The dynamics of the docked complexes were deciphered in order to make sure whether the binding of the vaccine to receptors was stable and whether the epitopes were in an exposed position to the host immune cells. The dynamics stability was evaluated through (i) root mean square deviation (RMSD), (ii) root mean square fluctuation (RMSF), and the (iii) radius of gyration (RoG) [104]. All these three types of analysis were conducted considering carbon alpha atoms. The RMSD plot of the systems was seen to steadily increase with no major deviations seen. This implicates the stable intermolecular binding between vaccine and receptors throughout the length of the simulation time. This also confers the continuous presentation of vaccine epitopes to the immune system for activation of humoral and cellular immunity. The maximum RMSD for each system reaches 10 Å (Figure 9A). The higher RMSD is the result of a large vaccine-receptors complex, but despite that, the vaccine is strongly held at the docked site of the receptors. Second, the RMSF was calculated to determine the residue level fluctuations of receptor molecules (Figure 9B). This was vital, as the presence of vaccine either heightens the residues; stability or makes it highly unstable. Most of the receptor residues show good stability (<3 Å). The loops are flexible, and in the presence of the vaccine, such loops become highly flexible, showing a high RMSF. Lastly, RoG assay was conducted to examine the complexes’ compactness with respect to time (Figure 9C). The RoG complemented the RMSD and concluded that the systems are in an equilibrium state.

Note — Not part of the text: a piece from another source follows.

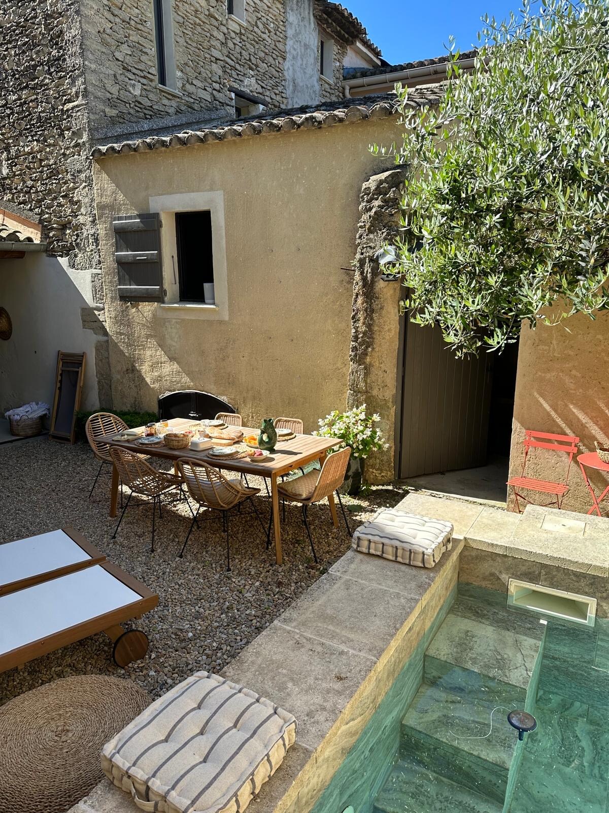 En Goult, una casa de pueblo orgánica privatizada, diseñada por un anticuario-arquitecto. Un lugar vivo, que mezcla materiales, piezas antiguas y encanto auténtico. Acceso a la piscina de 12 m y al jardín del propietario, compartidos con otros cinco alojamientos tranquilos. Una experiencia íntima en el corazón del pueblo. El estacionamiento público gratuito está a un minuto, justo enfrente del café Le Goultois.

3.16. Calculation of Vaccine-Receptors Binding Energies

Binding free energies of the docked molecules were estimated through MM-GBSA, and MM-PBSA techniques were used for validation of the binding efficacy of the docked complexes. The total binding free energies of the MHC-I, MHC-II, and TLR-4-vaccine complex were −178.62 kcal/mol, −181.94 kcal/mol, and −169.83 kcal/mol, respectively (Table 7). A major contributor to the binding net energy came from the electrostatic energy as well as van der Waals energy, and a non-favorable (not contributing to the overall stability of the complexes) contribution was seen from solvation energy.

3.17. Immune Simulation of the Designed Vaccine

In this analysis, the host response against the modeled vaccine was predicted for 350 days and it was analyzed that there is a high production of IgG and IgM antibodies against the designed vaccine. The secondary response was followed by a tertiary immune response, which led to the high-level production of B-cells and “IgM + IgG, IgM, IgG1 + IgG2, IgG1 and IgG2” (Figure 10A). An increase in interferon was also detected for 350 days, and the results are mentioned in Figure 10B. The different B-cell and T-cell immune responses in response to the antigen are given in Figures S1 and S2.

4. Discussion

We are moving towards the end of the antibiotic era. The crisis of AR and new bacterial strains are emerging. Some bacterial species have already been declared as resistant to all available antibiotics [105]. A. baumannii is one of those species of bacteria that has been reported as resistant to all available antibiotics [106]. A. baumannii is also capable of adopting new mechanisms of resistance and is evolving very quickly [107]. A. baumannii, is also able to develop a quick resistance to antibiotics due to its plastic genome and has the capability of causing healthcare associated infections and has the potential to survive in highly detrimental conditions [108]. The growing burden of microbial resistance has a remarkable clinical and economical effect and demands the development of new therapeutic candidates to treat infections of bacterial pathogens.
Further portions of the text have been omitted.